AllViews is a slice of default views for people to use

Functions

This section is empty.

Types

type AtomicInt 

type AtomicInt int64

An AtomicInt is an int64 to be accessed atomically.

func (*AtomicInt) Add 

func (i *AtomicInt) Add(n int64)

Add atomically adds n to i.

func (*AtomicInt) Get 

func (i *AtomicInt) Get() int64

Get atomically gets the value of i.

func (*AtomicInt) String 

func (i *AtomicInt) String() string

type BackendGetter 

type BackendGetter interface {
	// Get populates dest with the value identified by key
	//
	// The returned data must be unversioned.

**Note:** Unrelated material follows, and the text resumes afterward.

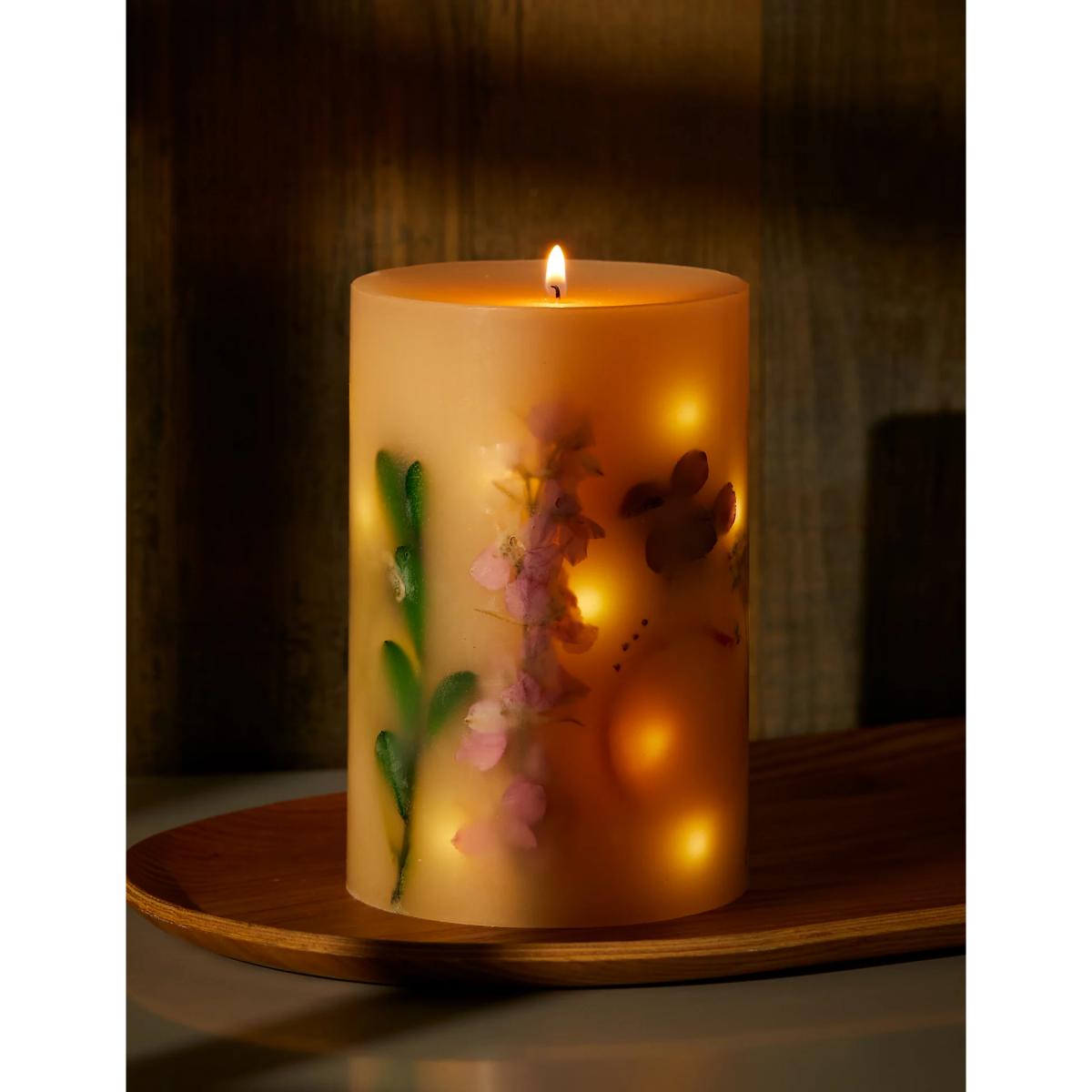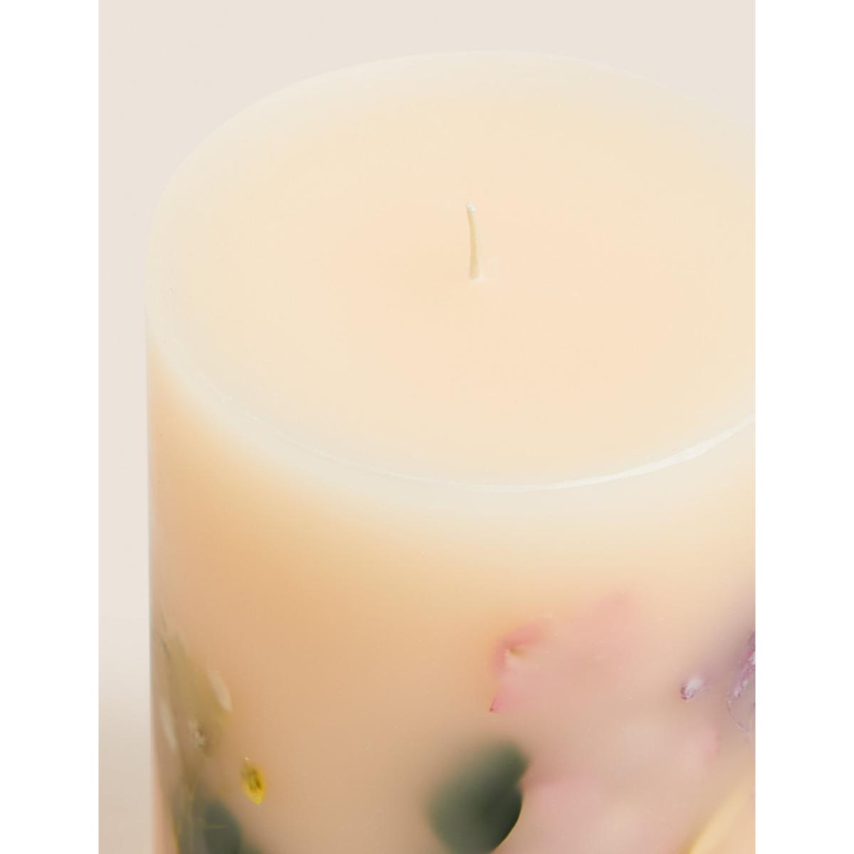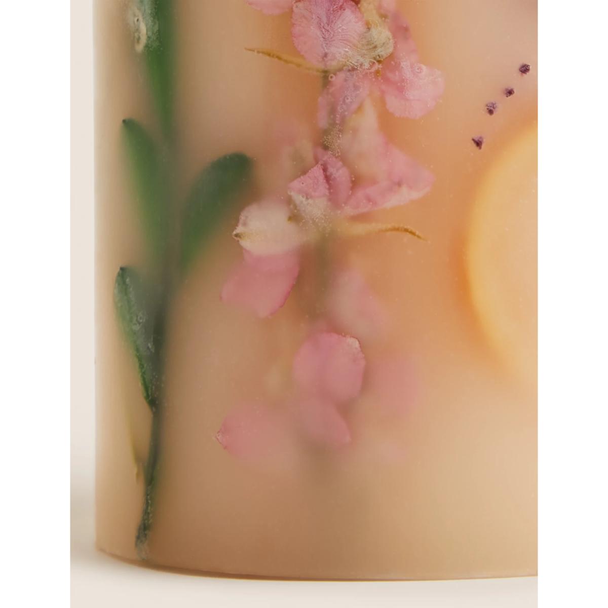 Infused with our Spring Meadows scent, this large botanical candle brings a fresh aroma into your space. Sweet notes of pear, peony and patchouli combine to make up the distinctive fragrance. LED lights are incorporated into the wax and illuminate when the wick is lit for an eye-catching effect.

That is, key must
	// uniquely describe the loaded data, without an implicit
	// current time, and without relying on cache expiration
	// mechanisms.
	Get(ctx context.Context, key string, dest Codec) error
}

A BackendGetter loads data for a key.

type ByteCodec 

type ByteCodec []byte

ByteCodec is a byte slice type that implements Codec

func (*ByteCodec) MarshalBinary 

func (c *ByteCodec) MarshalBinary() ([]byte, error)

MarshalBinary on a ByteCodec returns the bytes

func (*ByteCodec) UnmarshalBinary 

func (c *ByteCodec) UnmarshalBinary(data []byte) error

UnmarshalBinary on a ByteCodec sets the ByteCodec to a copy of the provided data

type CacheStats 

type CacheStats struct {
	Bytes     int64
	Items     int64
	Gets      int64
	Hits      int64
	Evictions int64
}

CacheStats are returned by stats accessors on Galaxy.

type CacheType 

type CacheType uint8

CacheType represents a type of cache. 

const (
	// MainCache is the cache for items that this peer is the
	// owner of.
	MainCache CacheType = iota + 1

	// HotCache is the cache for items that seem popular
	// enough to replicate to this node, even though it's not the
	// owner.
	HotCache

	// CandidateCache is the cache for peer-owned keys that
	// may become popular enough to put in the HotCache
	CandidateCache
)

func (CacheType) String 

func (i CacheType) String() string

type Codec 

type Codec interface {
	MarshalBinary() ([]byte, error)
	UnmarshalBinary(data []byte) error
}

Codec includes both the BinaryMarshaler and BinaryUnmarshaler interfaces

type CopyingByteCodec 

type CopyingByteCodec []byte

CopyingByteCodec is a byte slice type that implements Codec and returns a copy of the bytes when marshaled

func (*CopyingByteCodec) MarshalBinary 

func (c *CopyingByteCodec) MarshalBinary() ([]byte, error)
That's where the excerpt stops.